The Backstory
When I first got started with ASP.NET MVC, I immediately noticed that my views were not checked for errors at compile time. The thought of random runtime errors in my views was unacceptable! A bit of searching turned up the BuildMvcViews project flag. Simply unload your MVC project, open the csproj file and switch BuildMvcViews to true.

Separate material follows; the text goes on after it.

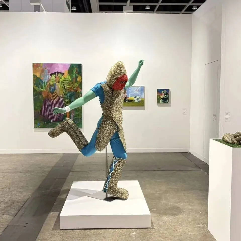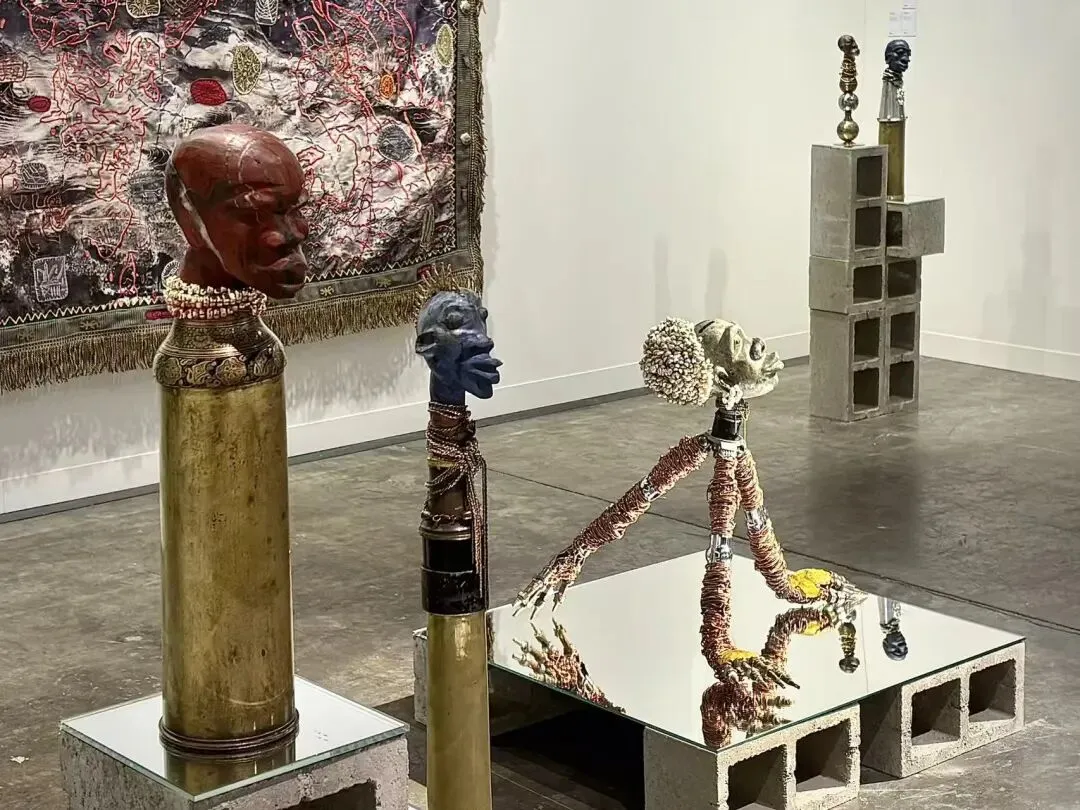 Terrence Musekiwa则在其混合人物雕塑中,将传统的石雕技法与现成品相结合。这些现成品折射出几个世纪以来的习俗,以及更近期的社会背景。Musekiwa使用的石材来自其祖国津巴布韦,他从中汲取了其Chikaranga祖先的文化传承,以及其雕塑家父亲传授的雕刻技艺。Musekiwa的雕刻头像与多种现成品相结合,包括宝螺、工业废料以及20世纪70年代的炮弹。2026年巴塞尔艺术展香港展会Terrence Musekiwa的作品现场,由Nome艺廊和Catinca Tabacaru艺廊呈献,图片由巴塞尔艺术展提供

Reload your project and now you views will have a test compilation performed during each build. If life were that simple, I wouldn’t be writing about it…
After a while, I noticed that my build times were terribly slow, about 30 seconds for a small, 4 project solution. After turning on detailed build output, I saw that the BuilMvcViews task was taking 24 seconds!
I then stumbled upon Razor Generator. It is a VS extension + nuget package that compiles your views to code when you save and instructs ASP.NET to use the precompiled view instead of dynamically building one from the cshtml at runtime. Now all of my views were compiled to code which seemed quite nice. The build was lightning fast again and I had my compile-time support. It will even check if your view has been updated since being compiled and optionally serve up the new dynamic view. That is incredibly helpful as it allows you to edit the view while debugging and without rebuilding.
The Solution
- Install the Razor Generator Visual Studio extension
- Install the RazorGenerator.Mvc nuget package to your MVC project.
- Convert all your views to use the RazorGenerator. Use the Package Manager Console command “Enable-RazorGenerator” to set the CustomTool to “RazorGenerator” for every view in your project.
- Note that the RazorGenerator.Mvc package added a new file to your App_Start folder, RazorGeneratorMvcStart. This class instructs ASP.NET to use the precompiled views unless the cshtml file is has been changed. In production this flag will be false (since the requests aren’t local) so you won’t have a performance hit doing file timestamp comparisons.
If motivated, one could change their production deployment to exclude the cshtml files, since the views are compiled into your assemblies. That would keep the deployment small and slightly improve performance since all the views are precompiled.